Hello everyone, I tried to find the answer in the previous question. I have a list of NCBI accessions (GenPept) of protein sequences, I'd like to retrieve a corresponding nucleic sequences returned in fasta file using bioperl, someone have ideas?

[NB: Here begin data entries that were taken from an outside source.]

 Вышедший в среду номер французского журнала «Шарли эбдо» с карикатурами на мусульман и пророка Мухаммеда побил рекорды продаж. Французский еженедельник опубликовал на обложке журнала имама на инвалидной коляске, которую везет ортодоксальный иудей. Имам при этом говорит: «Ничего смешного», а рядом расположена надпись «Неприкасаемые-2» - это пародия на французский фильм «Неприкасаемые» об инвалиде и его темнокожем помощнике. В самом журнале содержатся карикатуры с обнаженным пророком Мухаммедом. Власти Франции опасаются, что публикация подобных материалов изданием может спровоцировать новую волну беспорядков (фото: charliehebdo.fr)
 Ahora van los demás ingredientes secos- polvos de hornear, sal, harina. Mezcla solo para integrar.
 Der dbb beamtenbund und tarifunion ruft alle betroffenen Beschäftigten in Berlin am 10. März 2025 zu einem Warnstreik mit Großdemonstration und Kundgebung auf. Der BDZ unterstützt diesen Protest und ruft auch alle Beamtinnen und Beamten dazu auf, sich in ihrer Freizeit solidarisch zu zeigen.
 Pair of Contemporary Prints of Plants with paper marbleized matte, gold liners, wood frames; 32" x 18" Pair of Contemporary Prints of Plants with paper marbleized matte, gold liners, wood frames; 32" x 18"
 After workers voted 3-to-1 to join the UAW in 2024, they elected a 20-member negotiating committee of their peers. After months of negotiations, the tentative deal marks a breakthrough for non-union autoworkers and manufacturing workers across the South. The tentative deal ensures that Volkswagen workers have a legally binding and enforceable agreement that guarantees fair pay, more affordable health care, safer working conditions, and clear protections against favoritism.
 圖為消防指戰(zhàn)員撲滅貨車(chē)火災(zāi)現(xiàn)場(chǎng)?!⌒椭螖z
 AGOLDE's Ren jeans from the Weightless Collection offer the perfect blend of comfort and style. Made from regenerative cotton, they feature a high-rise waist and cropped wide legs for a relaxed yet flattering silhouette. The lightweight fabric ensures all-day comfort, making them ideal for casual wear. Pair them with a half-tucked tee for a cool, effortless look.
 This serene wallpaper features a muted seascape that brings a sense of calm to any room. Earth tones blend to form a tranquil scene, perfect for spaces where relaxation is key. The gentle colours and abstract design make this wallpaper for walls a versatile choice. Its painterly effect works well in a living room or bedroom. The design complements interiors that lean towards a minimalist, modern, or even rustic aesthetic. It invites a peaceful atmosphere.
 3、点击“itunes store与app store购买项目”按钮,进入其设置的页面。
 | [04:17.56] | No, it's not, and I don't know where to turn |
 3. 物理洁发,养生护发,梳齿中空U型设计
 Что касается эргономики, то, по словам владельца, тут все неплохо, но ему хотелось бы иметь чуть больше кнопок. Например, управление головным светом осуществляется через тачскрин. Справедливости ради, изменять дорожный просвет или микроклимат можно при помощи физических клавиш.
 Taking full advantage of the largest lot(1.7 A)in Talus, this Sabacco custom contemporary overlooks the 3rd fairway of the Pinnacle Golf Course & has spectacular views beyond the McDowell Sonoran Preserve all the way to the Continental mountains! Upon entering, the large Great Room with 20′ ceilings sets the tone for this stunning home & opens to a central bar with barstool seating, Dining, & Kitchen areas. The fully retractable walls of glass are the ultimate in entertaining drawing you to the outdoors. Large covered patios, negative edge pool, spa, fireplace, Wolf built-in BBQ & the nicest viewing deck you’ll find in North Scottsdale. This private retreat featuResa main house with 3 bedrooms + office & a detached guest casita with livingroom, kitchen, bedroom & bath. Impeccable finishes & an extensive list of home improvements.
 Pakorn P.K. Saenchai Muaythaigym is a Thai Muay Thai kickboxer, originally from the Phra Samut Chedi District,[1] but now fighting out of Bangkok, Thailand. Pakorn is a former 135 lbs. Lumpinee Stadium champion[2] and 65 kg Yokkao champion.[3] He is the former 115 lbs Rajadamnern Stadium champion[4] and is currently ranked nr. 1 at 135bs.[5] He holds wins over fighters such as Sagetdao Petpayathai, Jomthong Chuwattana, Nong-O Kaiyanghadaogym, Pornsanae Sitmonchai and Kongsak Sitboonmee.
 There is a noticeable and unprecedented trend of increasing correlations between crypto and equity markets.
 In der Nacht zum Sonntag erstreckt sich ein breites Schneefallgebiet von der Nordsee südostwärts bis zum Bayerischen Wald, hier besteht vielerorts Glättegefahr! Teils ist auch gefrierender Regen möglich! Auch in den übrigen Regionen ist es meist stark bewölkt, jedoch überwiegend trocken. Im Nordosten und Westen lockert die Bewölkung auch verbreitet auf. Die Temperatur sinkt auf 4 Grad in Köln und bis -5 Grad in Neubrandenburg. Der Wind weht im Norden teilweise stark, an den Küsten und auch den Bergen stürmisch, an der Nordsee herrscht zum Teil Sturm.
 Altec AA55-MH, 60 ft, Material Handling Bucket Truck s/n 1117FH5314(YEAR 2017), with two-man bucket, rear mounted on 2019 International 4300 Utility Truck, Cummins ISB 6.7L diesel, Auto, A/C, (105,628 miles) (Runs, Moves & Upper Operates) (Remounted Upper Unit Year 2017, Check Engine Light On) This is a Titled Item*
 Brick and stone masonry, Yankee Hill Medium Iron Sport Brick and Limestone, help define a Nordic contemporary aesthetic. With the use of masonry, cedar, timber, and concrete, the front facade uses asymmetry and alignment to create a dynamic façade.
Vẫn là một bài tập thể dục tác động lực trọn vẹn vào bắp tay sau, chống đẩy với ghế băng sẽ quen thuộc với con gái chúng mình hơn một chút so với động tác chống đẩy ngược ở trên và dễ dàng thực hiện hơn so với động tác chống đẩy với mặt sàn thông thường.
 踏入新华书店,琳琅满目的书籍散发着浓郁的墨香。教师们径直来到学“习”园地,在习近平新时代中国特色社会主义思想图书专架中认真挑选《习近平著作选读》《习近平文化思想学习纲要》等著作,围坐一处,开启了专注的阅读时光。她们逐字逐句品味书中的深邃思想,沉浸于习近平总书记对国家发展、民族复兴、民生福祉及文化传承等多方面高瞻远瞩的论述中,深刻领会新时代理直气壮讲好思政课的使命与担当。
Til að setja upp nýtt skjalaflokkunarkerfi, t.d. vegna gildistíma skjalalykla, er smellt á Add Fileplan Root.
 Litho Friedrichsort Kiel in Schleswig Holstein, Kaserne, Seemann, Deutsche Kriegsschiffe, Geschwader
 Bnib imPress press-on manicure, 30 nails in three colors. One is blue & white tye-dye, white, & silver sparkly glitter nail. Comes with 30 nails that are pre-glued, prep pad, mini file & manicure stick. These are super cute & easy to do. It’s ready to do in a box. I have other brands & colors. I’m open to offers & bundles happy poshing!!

dna sequence retrieval perl bioperl • 50k views
0
Entering edit mode

Do you want the gene or the transcript?

0
Entering edit mode

I want to get the corresponding CDS. For example I have the ID of the protein ID ZP_07126586.1 (link : http://www.ncbi.nlm.nih.gov/protein/ZP_07126586.1), in this page we have the info about CDS (start 1, end 628 in the genome sequence), so my aim is to retrieve this nucleic sequence in FASTA format!

0
Entering edit mode

Your case is much complicated than you've stated. This is a WGS draft. You don't have separated transcripts/genes. So, you have to extract your genes/CDSs from the WGS sequence. You really should restate your question and specify your target. Do your list of accn is from the same draft?

0
Entering edit mode

Exact, I have to retrieve the genes/CDS sequences from WGS in FASTA format. My input data is a list of NCBI Reference Sequences of the corresponding proteins (ZP_05752176.1, ZP_05752888.1, ZP_06245300.1, ...)

0
Entering edit mode

Hi Samad, Have you retrieved the The Fasta Nucleic Sequences Of A List Of Ncbi Accession Number Of Proteins successfully finally? If yes, could you please share your successful experience to us? Now, I also want to get the nucleotide sequence for each protein gene accession number? I used the search, elink, efetch ---these three E - utilities functions, but I always get "protein 110 1209747831 nuccore protein_nuccore 109 nuccore protein_nuccore_cds 109 nuccore protein_nuccore_mrna 109" at the last step. Did you have the similar experience?

0
Entering edit mode

This is an old thread, so not sure Samad is stil active, but did you check this? Retrieve Mrna Seq From Ncbi Given A List Of Protein Accessions I think there are several more questions related to protein ID to RNA/DNA sequence here already. Which solution have you tried?

0
Entering edit mode

Hi Michael,

At first, thank you for your reply!

Below is the way I have tried until now, which doesn't work well.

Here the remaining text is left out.